The goal of this part of the docs is to make the risk model explicit, not to shift responsibility: knowing how the wallet is designed helps you choose a security posture that matches the value you keep in it.
7. Releases, checksums and build verification
Because the wallet is a desktop application, release integrity matters. The documentation explains:
- Where releases live – official binaries, source archives and checksums published with each tagged version.
- How to verify downloads – using checksums or signatures (if provided by the project) before running an installer or binary.
- Versioning and compatibility – how version numbers relate to protocol changes, Neo / Neo X upgrades and migration notes.
- Changelogs – where to find lists of fixes, features and breaking changes between releases.
In practice, this section ties together the download links on the main site and the more detailed release artefacts published in the repository.
8. Contributing, issue reports & support
Finally, the docs describe how to work with the project as a contributor or as a user reporting issues:
- How to report bugs – what information is useful (OS, version, logs) and what must never be included (seeds, private keys).
- Feature requests and proposals – where to open them and how to frame them in terms of the wallet’s scope.

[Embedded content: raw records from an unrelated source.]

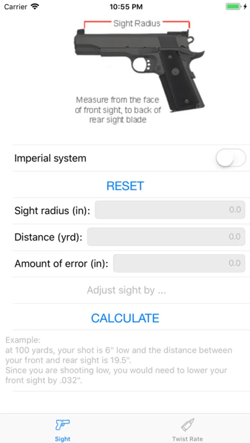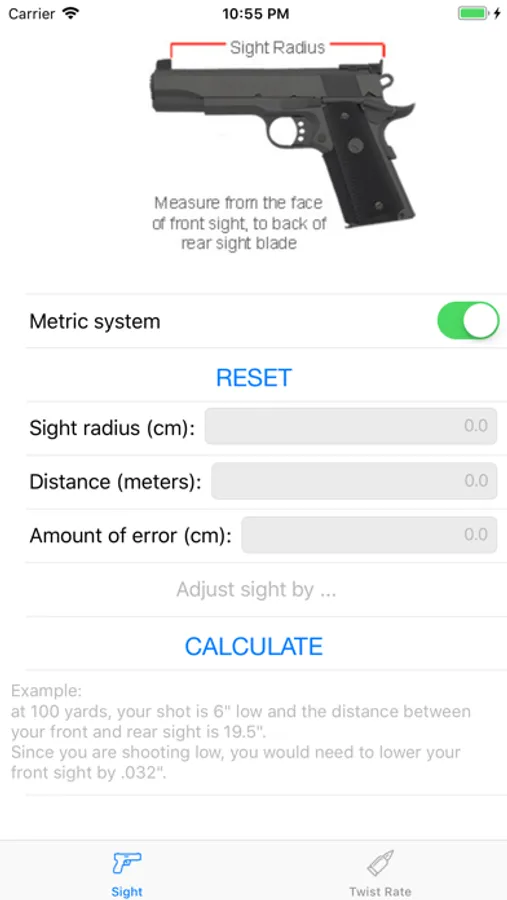 App will help you to adjust iron sight and determine optimal ammunition or twist rate which perfectly suits your gun.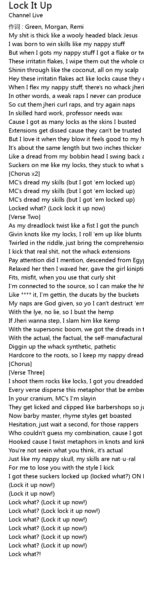 | Who couldn' t guess my combination, cause I got ' em locked | |
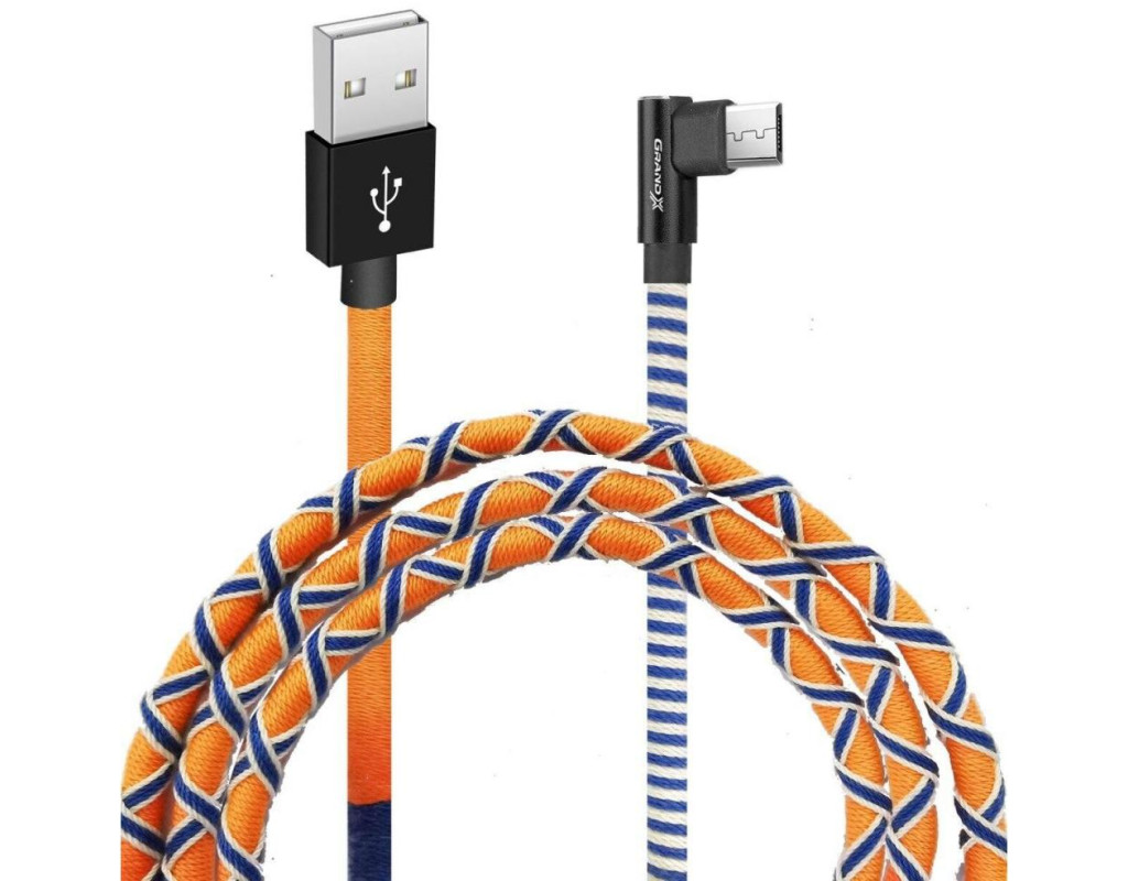 Дата кабель USB 2.0 AM to Micro 5P 1.0m Orange/Blue Grand-X (FM-08OB)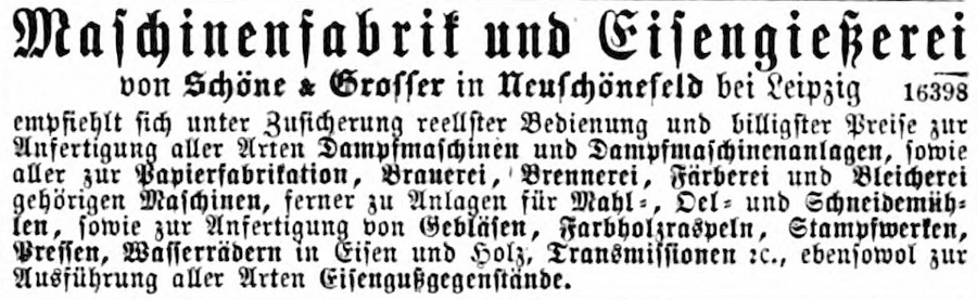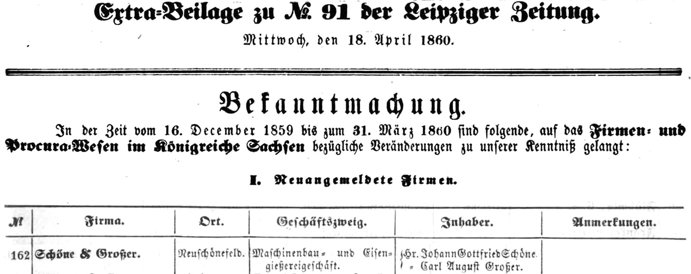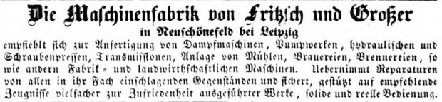 Demnach wurde als eines der ersten Erzeugnisse der neuen Firma Fritzsch & Großer noch Ende des Jahres 1857 eine firmeneigene Dampfmaschine gebaut. Eine erste Zeitungsanzeige zur neuen Neuschönefelder Firma habe ich der Leipziger Zeitung vom 26. Januar 1858 entdeckt:
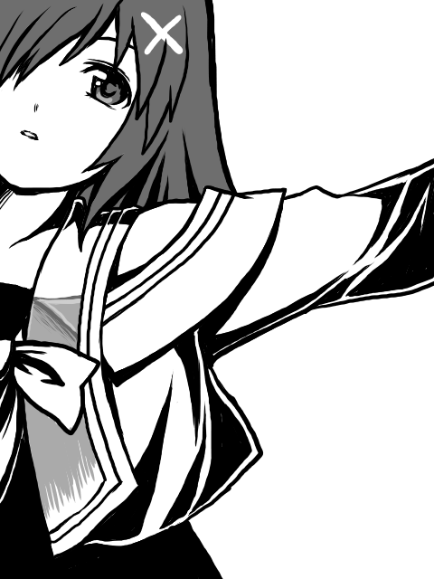 上着の襟の下(灰色の部分)はこんな感じかしらに。 この場合だと割と適当な感じにリボンがくっついている事に。 ワンピ側にセーラー風の襟がついてると仮定して (ワンピ側にある)セーラー風の襟を 上着の上に覆いかぶさる感じになるんだろうか。 うーん、まだ服の構造がうまく合致して無い気もする。
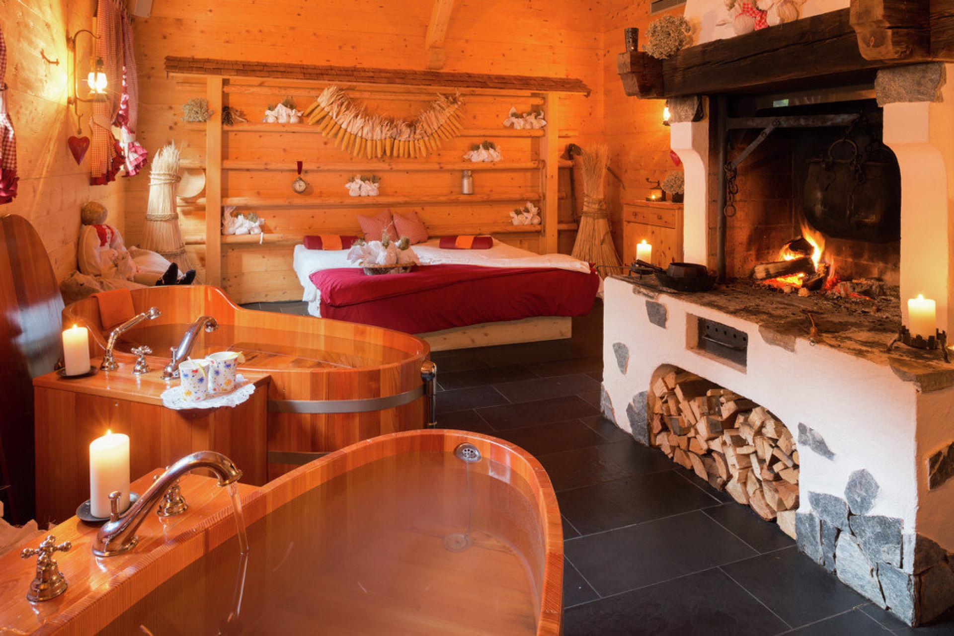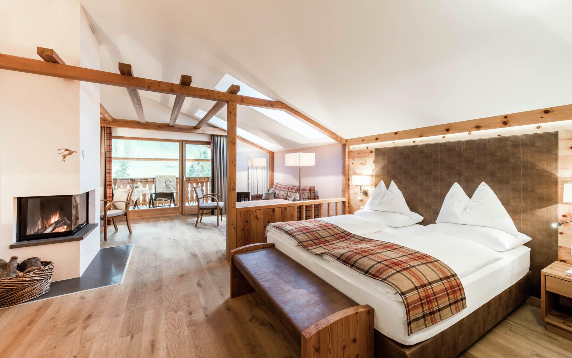 Le esclusive Suite Mansardate in stile alpino con un’accogliente zona giorno completa di caminetto, per trascorrere momenti romantici in due.

- Development environment – a high-level overview of how to clone, build and run the wallet from source.
- Community channels – links to places where technical discussion happens (chats, forums, working groups).
This overview describes the structure of the documentation set; individual guides, references and examples are updated along with wallet releases to reflect new features and network capabilities.